### Assignment
Would you return exactly the lines from the top of the data below through the one containing "經(jīng)典的紅綠配耳環", leaving out the pictures?

### Given data
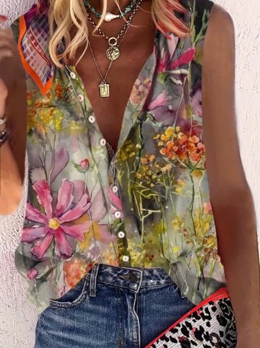 Kadın sıfır kol v yakalı önden düğmeli dokuma çiçek desen baskılı gömlek
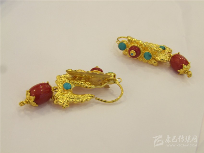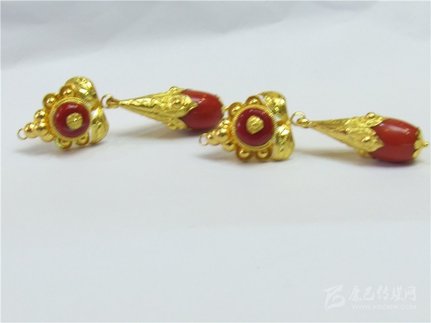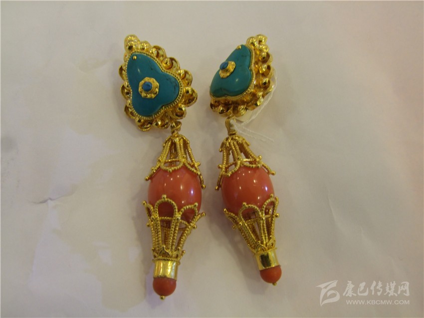 經(jīng)典的紅綠配耳環(huán)。撞色一直都是永不落伍的時尚,紅綠搭配的巧合,是藏民族熱愛生命與熱情好客的象征,用流光溢彩的金色將紅與藍(lán)包圍并連接,看起來協(xié)調(diào)而美好,搭配起來更為時尚。據(jù)店家介紹,此款耳環(huán)凈重22.75克,加上手工費,售價7000余元。
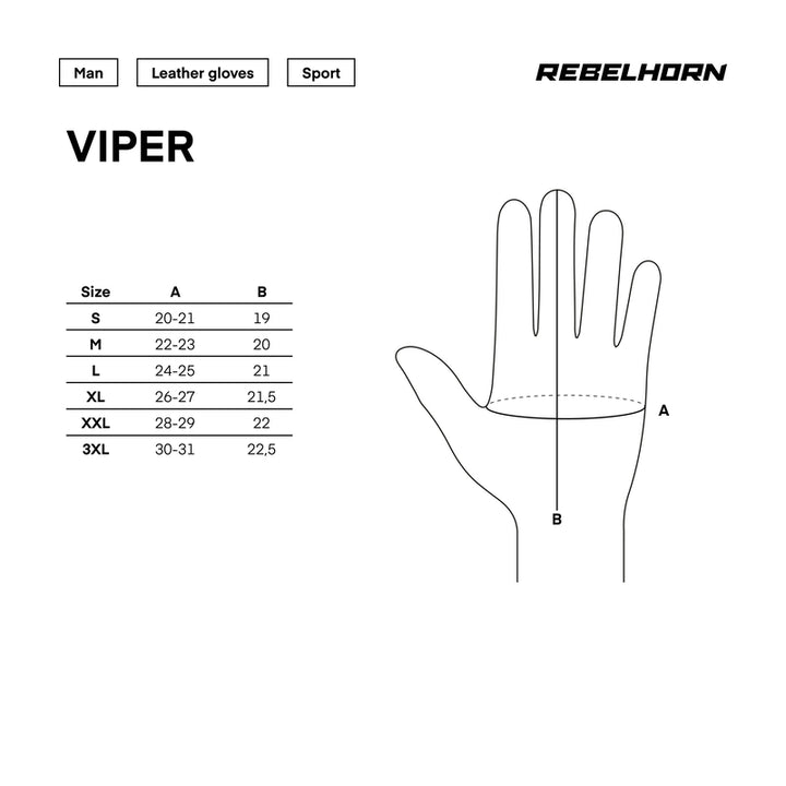 Rebelhorn Vipera è uno Guanto ad alta prestazione Per colui che guida sportivo e alla ricerca della massima sicurezza e comfort. Protezione dura, cursore e rinforzi lo rende un Scelta sicura, Mentre perforazione e compatibilità touchscreen Aumenta conforto e funzionalità.
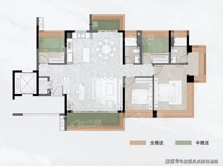140㎡ 4+1房:专梯专户,入户厅独享,全屋南北对流,双阳台设计,10个采光面。

### Task solution
 Kadın sıfır kol v yakalı önden düğmeli dokuma çiçek desen baskılı gömlek
 經(jīng)典的紅綠配耳環(huán)。撞色一直都是永不落伍的時尚,紅綠搭配的巧合,是藏民族熱愛生命與熱情好客的象征,用流光溢彩的金色將紅與藍(lán)包圍并連接,看起來協(xié)調(diào)而美好,搭配起來更為時尚。據(jù)店家介紹,此款耳環(huán)凈重22.75克,加上手工費,售價7000余元。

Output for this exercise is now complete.